Chinese entrepreneur

Jack Wong, or Huang Zhang (黄章 (Huáng Zhāng)), is a Chinese billionaire entrepreneur. He is the founder and chairman of Meizu, a Chinese consumer electronics company.

== Early life ==

Jack Wong was born on February 13, 1976, in Meixian, Meizhou, Guangdong.

At the age of 16, Wong was expelled from high school and therefore did not attend college. At a young age he was enthusiastic about electronic devices.

Before getting involved in the consumer electronics industry, Wong worked as pier porter. Later, he moved to Shenzhen to get into the electronics industry.

In 2002, he became general manager of a Singaporean joint venture company called "Aegean". He shaped the strategy of the company and shifted its focus on production of speakers and MP3 players.
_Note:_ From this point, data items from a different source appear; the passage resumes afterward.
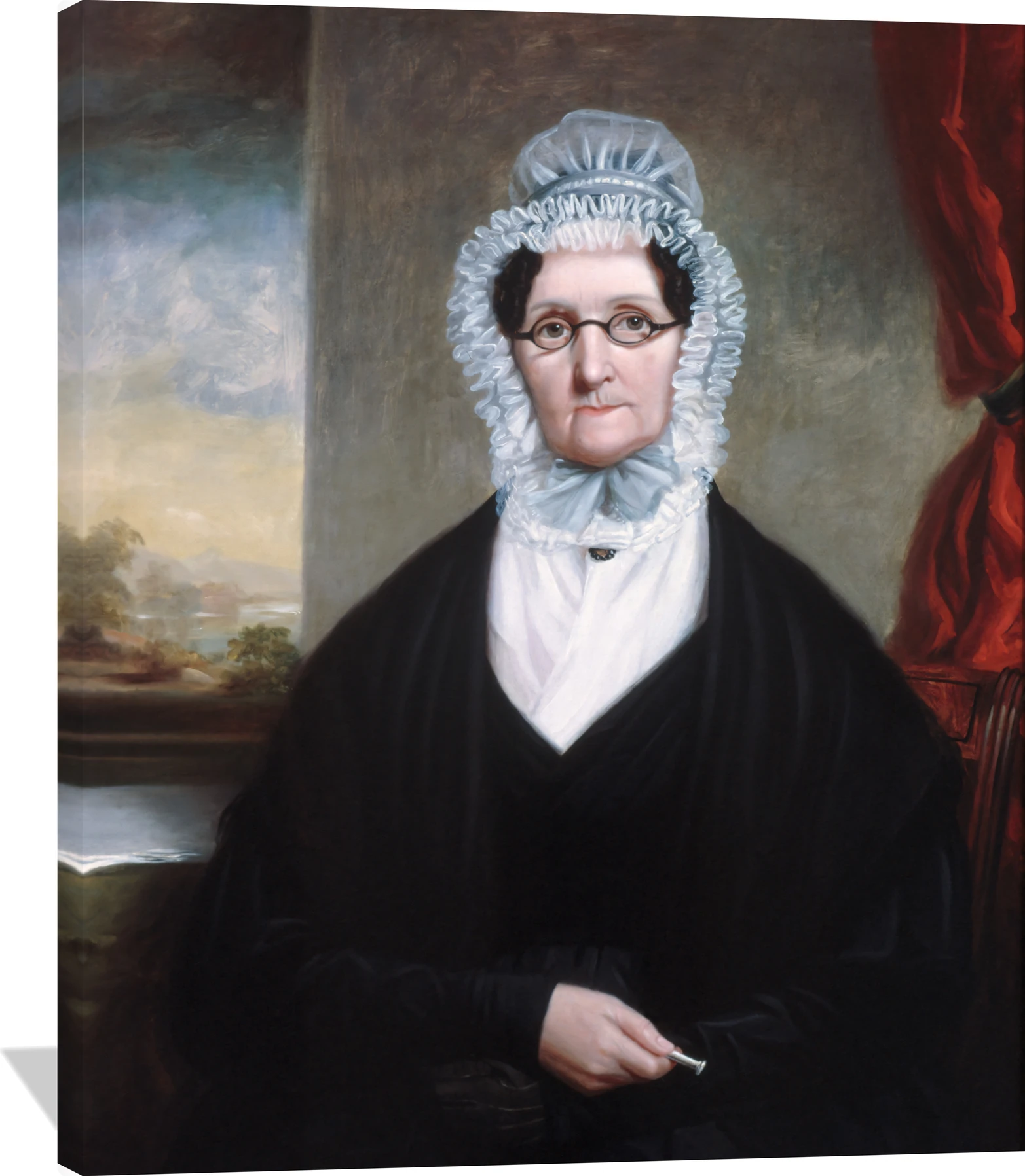 The Shepard Alonzo Mount Catherine Brooks Hall canvas captures the quiet dignity and refined grace of 19th-century portraiture. Rendered in soft, natural light with tones of black, ivory, crimson, and muted gold, this vertical composition exudes timeless elegance and composure. The artist’s delicate brushwork and attention to texture bring a serene realism to the sitter’s expression and attire.
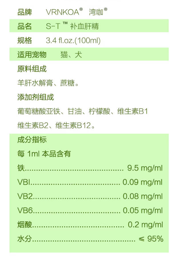 美国湾咖补血肝精猫咪产后营养品幼猫贫血绝育术后补铁补血 50ML
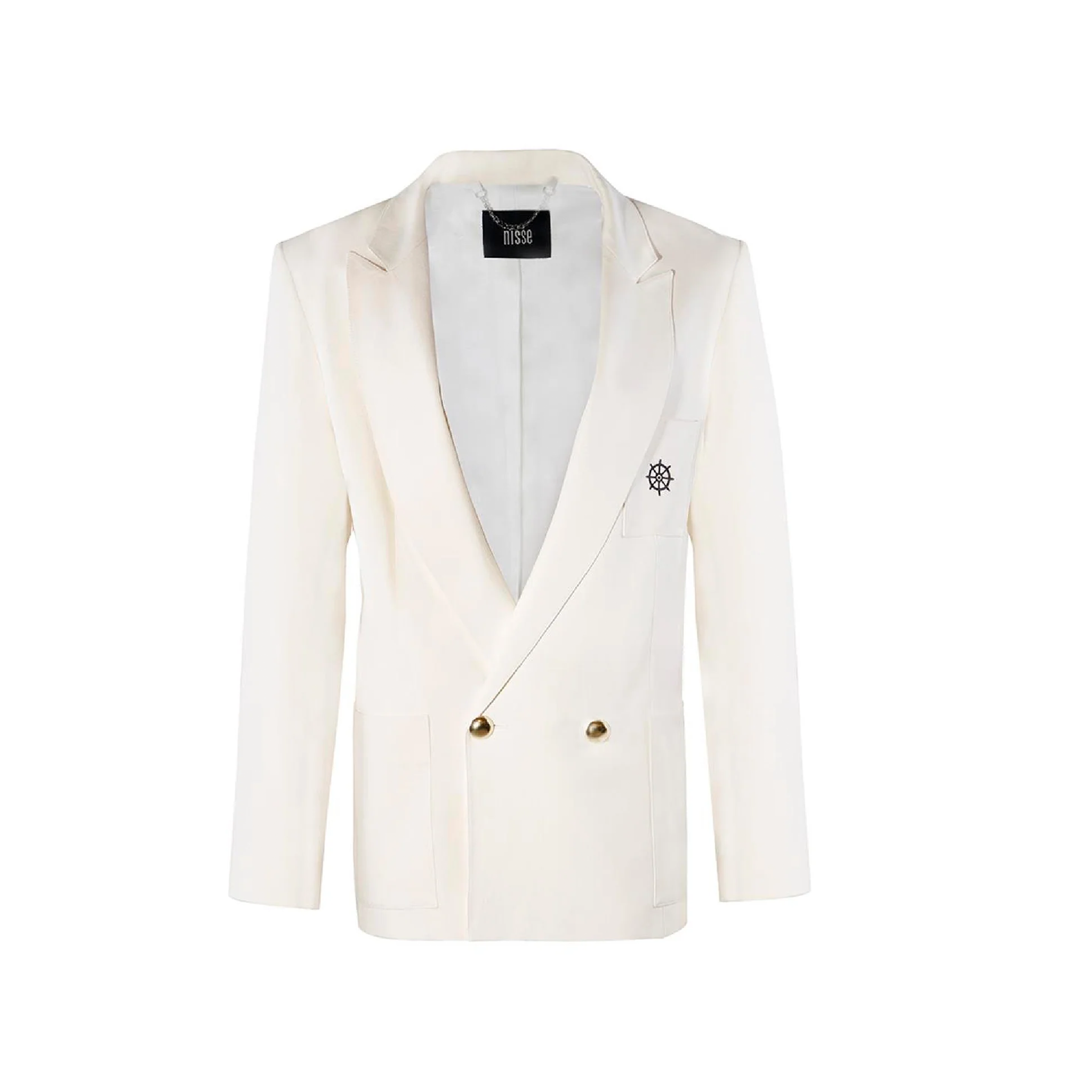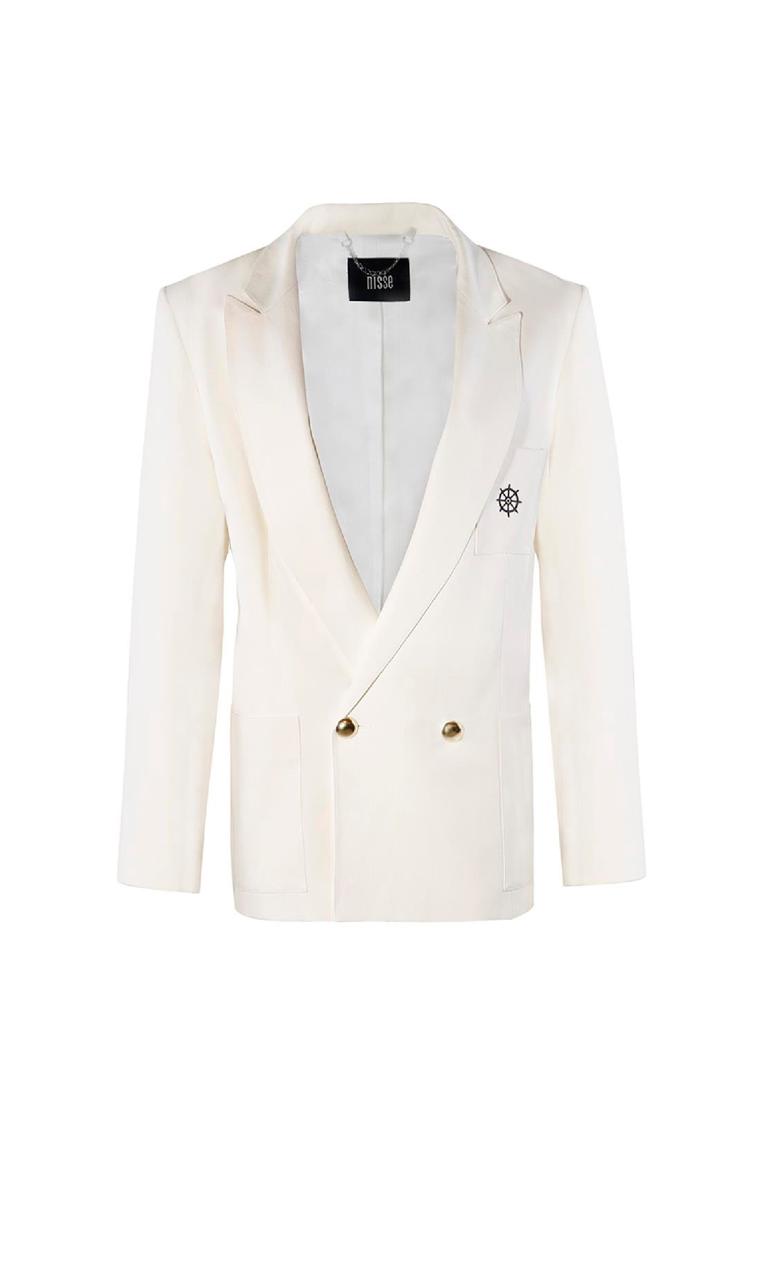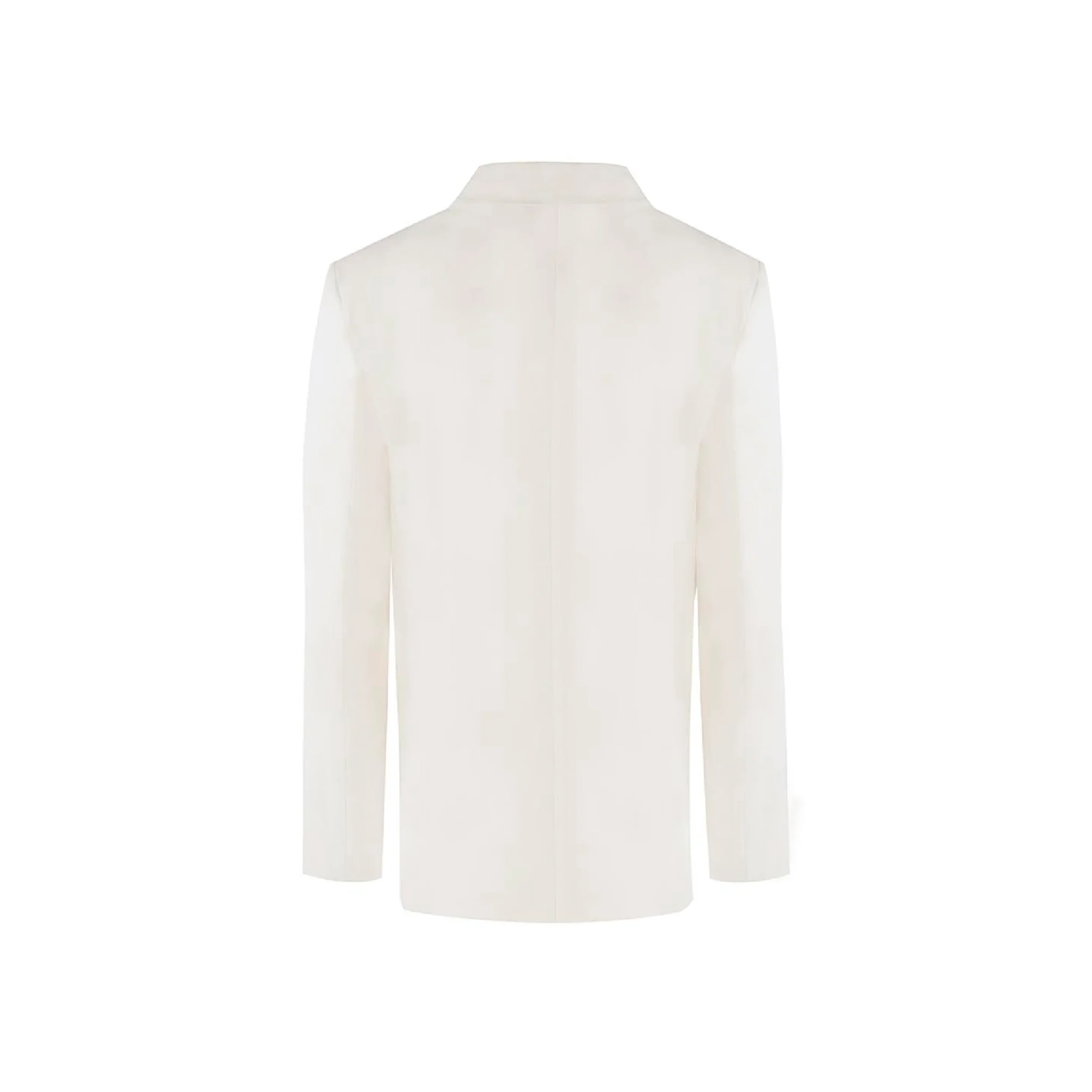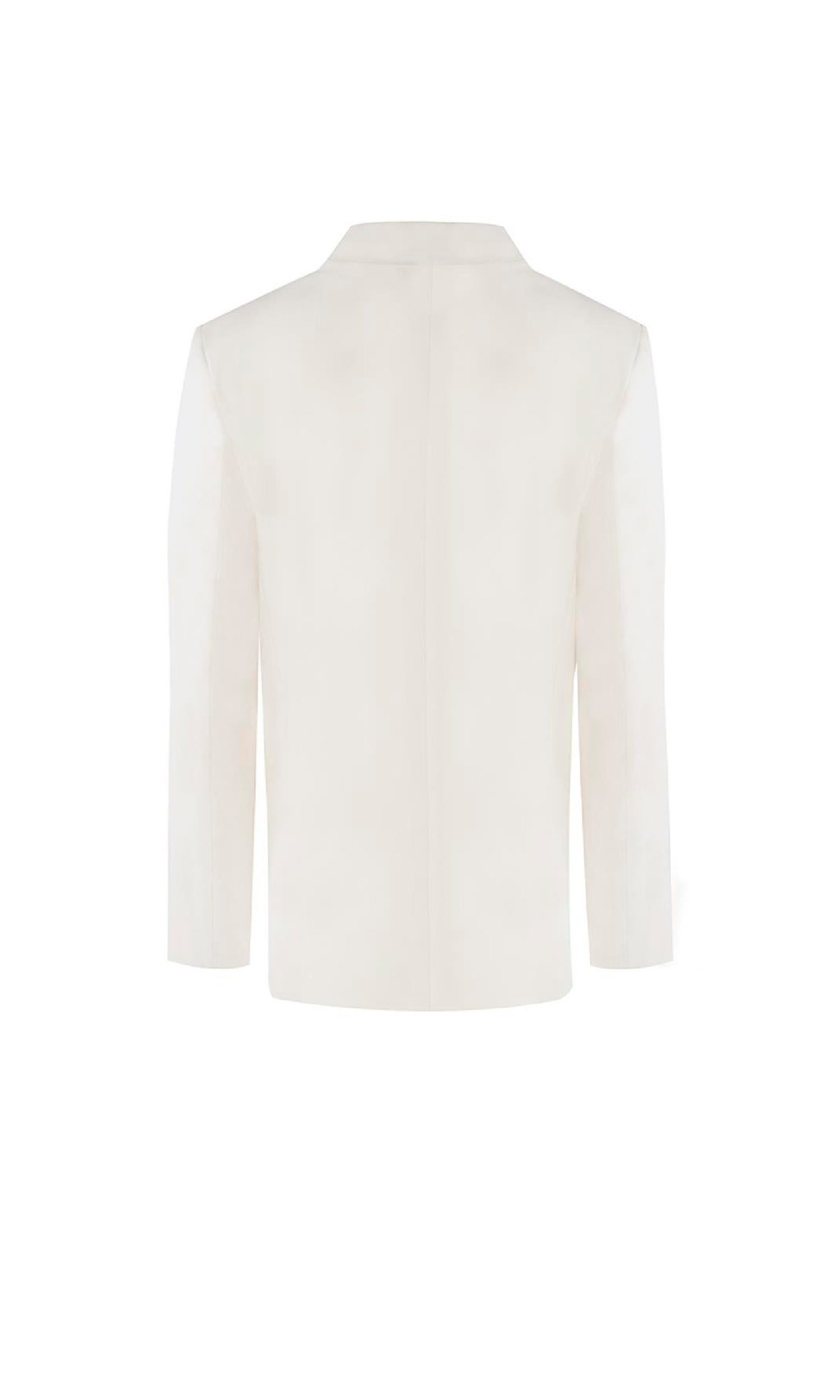 The Louise Jacket, made of 50% lyocell, 28% linen, 21% cotton, and 1% elastane, offers a lightweight, breathable, and fluid feel, while its lining is 100% viscose. Its oversized white cut, double gold button details, and delicately embroidered ruffle shoulder line transform timeless feminine elegance into architectural elegance.

The company was able to offer innovative products at that time, such as MP3 players with a battery life of 20 hours and 128 MB of internal storage. After divergences with the shareholders due to different opinions on brand management and marketing, Wong decided to leave the company.

== History with Meizu ==

At the end of 2002, Wong invested 100,000 RMB to start a new company called Meizu. The first Meizu MP3 player was released in the second quarter of 2003.

In June 2003, the Meizu internet forum was launched to serve as a platform for interaction with customers. Wong himself was very active on the forum and endorses all employees to emphasize customer feedback for further development of products. Between 2003 and 2009, Wong himself had almost 6000 posts on the Meizu forum.

In 2010, Wong decided to retreat from the management of Meizu, however on February 10, 2014, Meizu announced that Jack Wong would be appointed as the CEO of the company, but eventually this did not happen.

== Personal life ==
Little is known about Wong's personal life, as he prefers to keep his privacy. Aber Bai, the co-founder and current CEO of Meizu, stated that Jack Wong never gave an interview.

According to Forbes, Wong was the 186th richest person in China with a net worth of US$2.6 billion as of 2017. It is also known that Jack Wong is currently married.
He has 4 children, whose names are Tommy, Suzy, Mayson, and Alam. All of them go to Zhuhai International School.